Sunday, February 05, 2006

what superbowl? let's talk about girly things.


inevitably, ding's thoughts turn to valentine's day.
i can't avoid it; the crap is everywhere. and it probably doesn't help that i saw that new movie, 'something new.' (l.a. looks great in it and, dammit, it made me wish i was a buppie living in baldwin hills with a hot landscaper.)
anyway, v-day's arrival makes me think that if i had continued to swallow my resentment toward B- and our oddly non-communicative relationship, i might have had something to do on valentine's day.

hm. Making An Effort, so far, is rather lonesome business.

[thanks to roomie for the white castle link]

superbowl update: they just taped up some guy's groin.

relationship self-pity always occurs when i go to the movies and watch a rom-com. they make me feel like if only *i* had done something different with any of the boys in the past, then i'd have a partner now. maybe, maybe not. clearly, my thing with B- was a disaster on both our parts. and i mean, ok, with The Librarian - perhaps if i'd been...actually, i have no idea what happened there. i think he was eaten by a moose.

superbowl update: steelers touchdown is total bullshit. the ball clearly didn't make it over the line.

i go back to my father and his sandwich analogy. 'ding,' he'd say. 'you need to know how to make a man a sandwich.' but i honestly don't know what that means. i know what it *means* politically but i have no idea what that looks like. there are no nurturing women in my family. my father was never catered to. he was never coddled. my poor father was outnumbered in a house full of women who pretty much got our way when it counted.

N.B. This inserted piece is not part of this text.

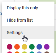 On the left, mouse over the Others link to import 'other' calendars. Click the settings cog that appears.
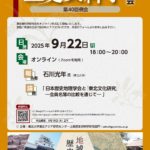 2025年8月27日 / 最終更新日 : 2025年9月22日 uehiro-admin-main 2025年度 歴史資料学研究会第40回例会(9月22日)のお知らせ 歴史資料学研究会をオンライン形式にて開催いたします。 参加ご希望の方は下記URLにアクセスいただき、所定のフォームよりお申し込み下さい。 日 時:2025年9月22日(月)18:00~20:00 会 場:オンライン(Zo […]

superbowl update: this is a fast game. first half is over and while seattle started out promising, the steelers are up. wtf?? hang in there, seattle. the ball didn't cross the line!

so if i've never had a model of good relationship handling, then how the hell am i supposed to navigate these fucked up waters?

superbowl update: the stones!! dude. they're my dad's age. in spandex.

what's the bottom line of all this rambling?
valentine's day can kiss my ass.

superbowl update: fuck. steelers just got a 75-yard TD. seattle is screwed.

Wednesday, February 01, 2006

brill-yunt: 50 most loathsome

bilious and vituperative, this list makes me smile.